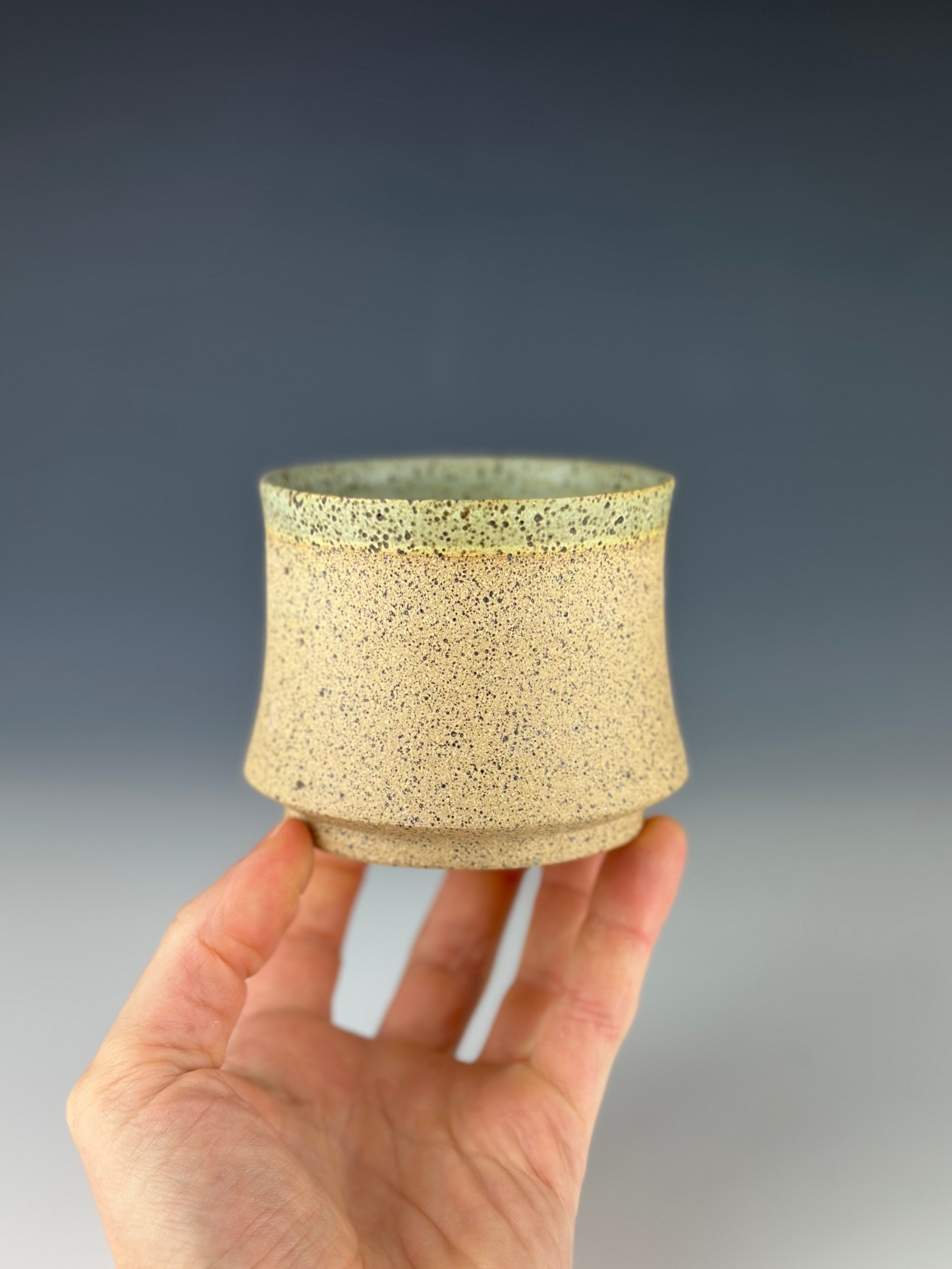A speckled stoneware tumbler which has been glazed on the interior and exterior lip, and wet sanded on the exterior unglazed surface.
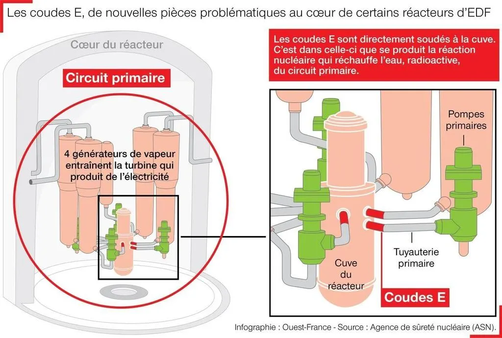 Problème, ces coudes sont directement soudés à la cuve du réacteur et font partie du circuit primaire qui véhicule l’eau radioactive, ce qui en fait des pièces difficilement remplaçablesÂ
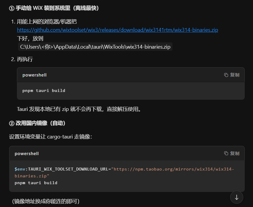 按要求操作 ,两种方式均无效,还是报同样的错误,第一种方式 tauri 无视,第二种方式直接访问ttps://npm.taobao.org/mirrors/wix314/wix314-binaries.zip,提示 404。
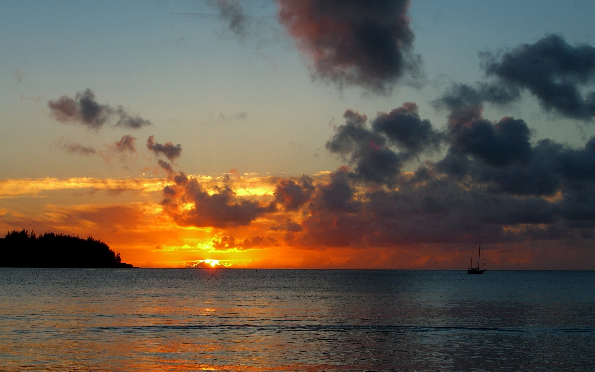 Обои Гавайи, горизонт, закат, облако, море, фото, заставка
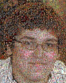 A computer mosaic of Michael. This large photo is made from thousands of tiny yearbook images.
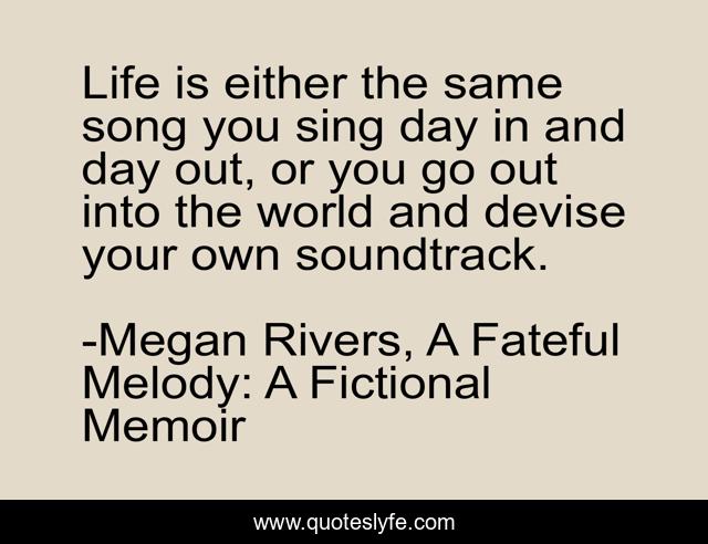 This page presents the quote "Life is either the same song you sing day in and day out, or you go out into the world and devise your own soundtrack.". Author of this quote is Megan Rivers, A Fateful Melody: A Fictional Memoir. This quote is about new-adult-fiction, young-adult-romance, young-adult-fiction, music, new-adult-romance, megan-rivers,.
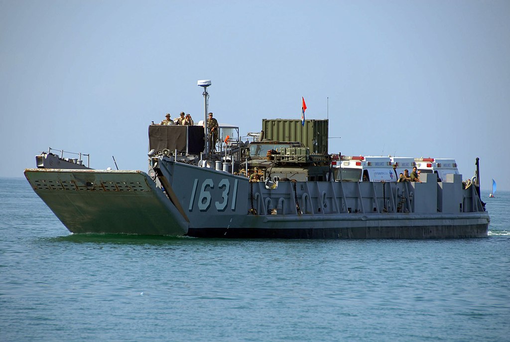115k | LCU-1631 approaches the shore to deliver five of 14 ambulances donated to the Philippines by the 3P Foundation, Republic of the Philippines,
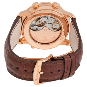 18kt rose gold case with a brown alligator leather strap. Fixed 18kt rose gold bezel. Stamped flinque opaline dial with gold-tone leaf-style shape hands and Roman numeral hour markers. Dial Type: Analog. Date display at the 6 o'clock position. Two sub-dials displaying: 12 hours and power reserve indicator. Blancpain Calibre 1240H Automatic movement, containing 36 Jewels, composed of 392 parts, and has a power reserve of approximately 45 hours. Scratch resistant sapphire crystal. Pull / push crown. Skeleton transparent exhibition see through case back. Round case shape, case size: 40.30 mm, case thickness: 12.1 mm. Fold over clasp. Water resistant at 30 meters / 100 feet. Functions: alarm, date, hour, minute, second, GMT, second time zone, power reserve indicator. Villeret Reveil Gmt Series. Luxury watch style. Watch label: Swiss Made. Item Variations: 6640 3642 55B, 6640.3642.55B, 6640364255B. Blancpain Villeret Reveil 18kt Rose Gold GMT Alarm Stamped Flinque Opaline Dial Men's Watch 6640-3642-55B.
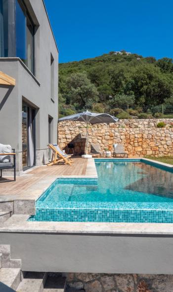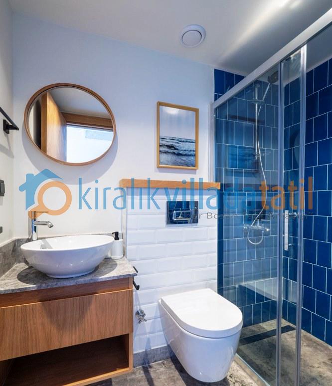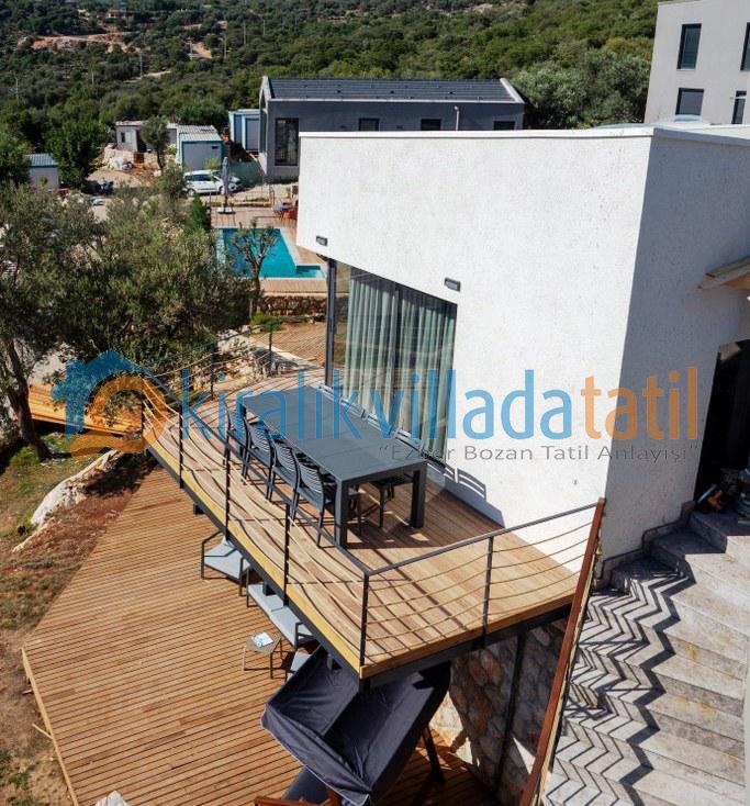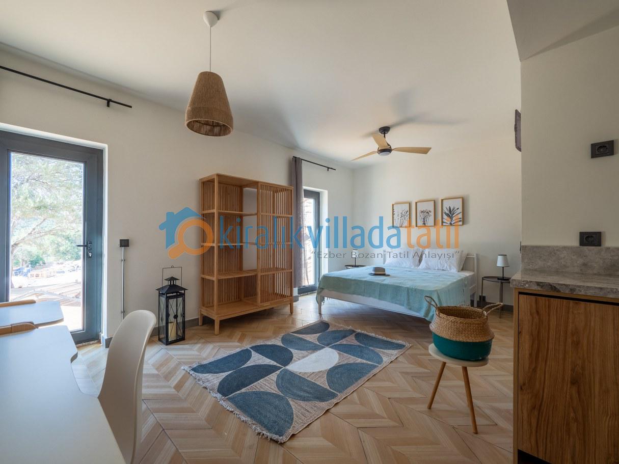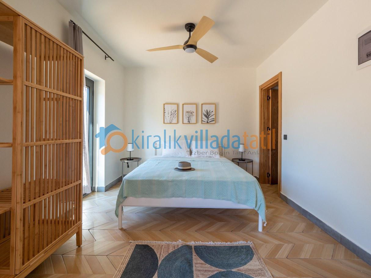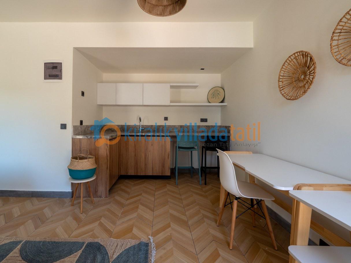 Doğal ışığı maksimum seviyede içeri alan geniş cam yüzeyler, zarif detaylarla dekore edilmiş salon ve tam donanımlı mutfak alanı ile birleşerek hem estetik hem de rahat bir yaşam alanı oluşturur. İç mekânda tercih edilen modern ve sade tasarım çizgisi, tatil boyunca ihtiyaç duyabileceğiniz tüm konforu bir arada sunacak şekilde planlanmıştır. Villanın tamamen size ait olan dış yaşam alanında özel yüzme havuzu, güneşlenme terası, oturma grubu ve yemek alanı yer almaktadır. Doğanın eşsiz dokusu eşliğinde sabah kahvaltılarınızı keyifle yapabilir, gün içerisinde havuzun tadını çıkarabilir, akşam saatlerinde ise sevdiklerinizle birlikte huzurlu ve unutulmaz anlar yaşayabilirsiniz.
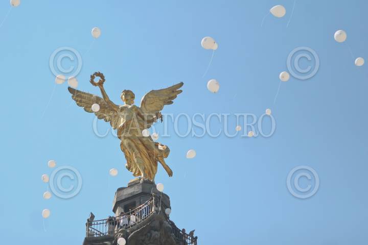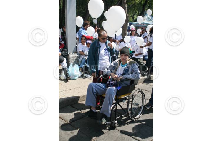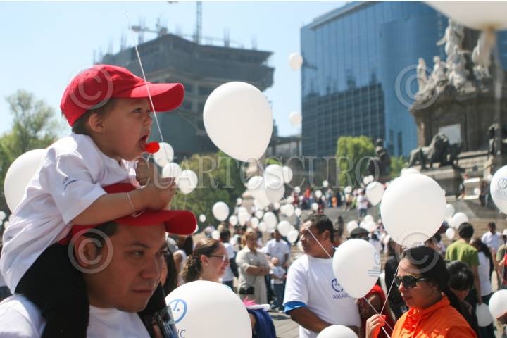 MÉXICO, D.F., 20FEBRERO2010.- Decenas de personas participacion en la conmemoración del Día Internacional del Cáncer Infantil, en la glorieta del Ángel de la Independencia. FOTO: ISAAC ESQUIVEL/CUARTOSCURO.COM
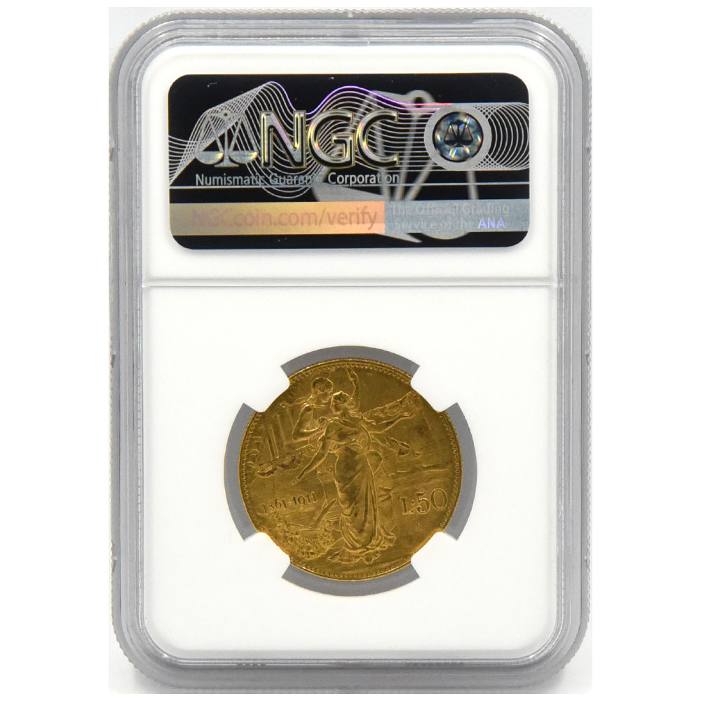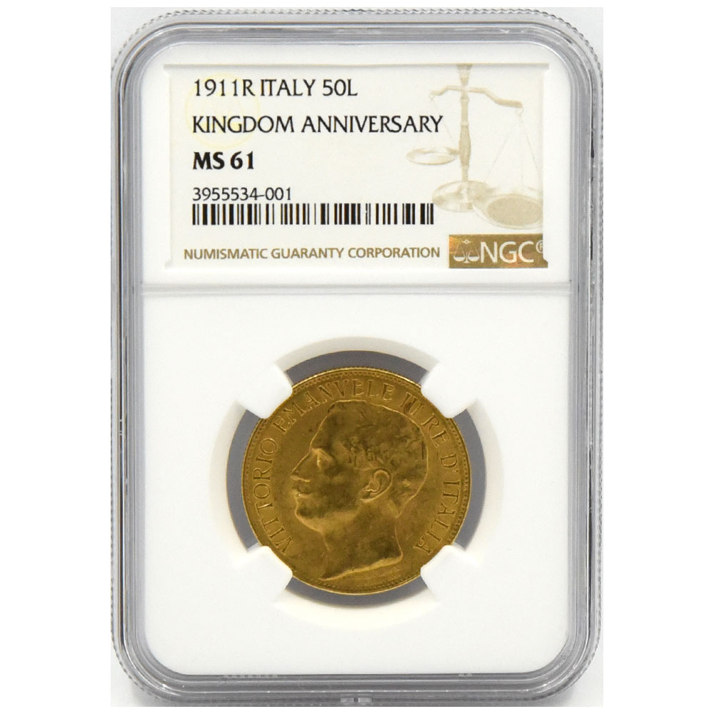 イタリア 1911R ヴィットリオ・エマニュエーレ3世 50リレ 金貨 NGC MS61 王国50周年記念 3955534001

**TASK DIRECTIONS**
Now transcribe the lines above exactly, starting at the line containing "Problème, ces coudes" and ending at the line containing "115k | LCU-1631", both lines included, pictures excluded.

**REPLY TO THE EXERCISE**
 Problème, ces coudes sont directement soudés à la cuve du réacteur et font partie du circuit primaire qui véhicule l’eau radioactive, ce qui en fait des pièces difficilement remplaçablesÂ
 按要求操作 ,两种方式均无效,还是报同样的错误,第一种方式 tauri 无视,第二种方式直接访问ttps://npm.taobao.org/mirrors/wix314/wix314-binaries.zip,提示 404。
 Обои Гавайи, горизонт, закат, облако, море, фото, заставка
 A computer mosaic of Michael. This large photo is made from thousands of tiny yearbook images.
 This page presents the quote "Life is either the same song you sing day in and day out, or you go out into the world and devise your own soundtrack.". Author of this quote is Megan Rivers, A Fateful Melody: A Fictional Memoir. This quote is about new-adult-fiction, young-adult-romance, young-adult-fiction, music, new-adult-romance, megan-rivers,.
115k | LCU-1631 approaches the shore to deliver five of 14 ambulances donated to the Philippines by the 3P Foundation, Republic of the Philippines,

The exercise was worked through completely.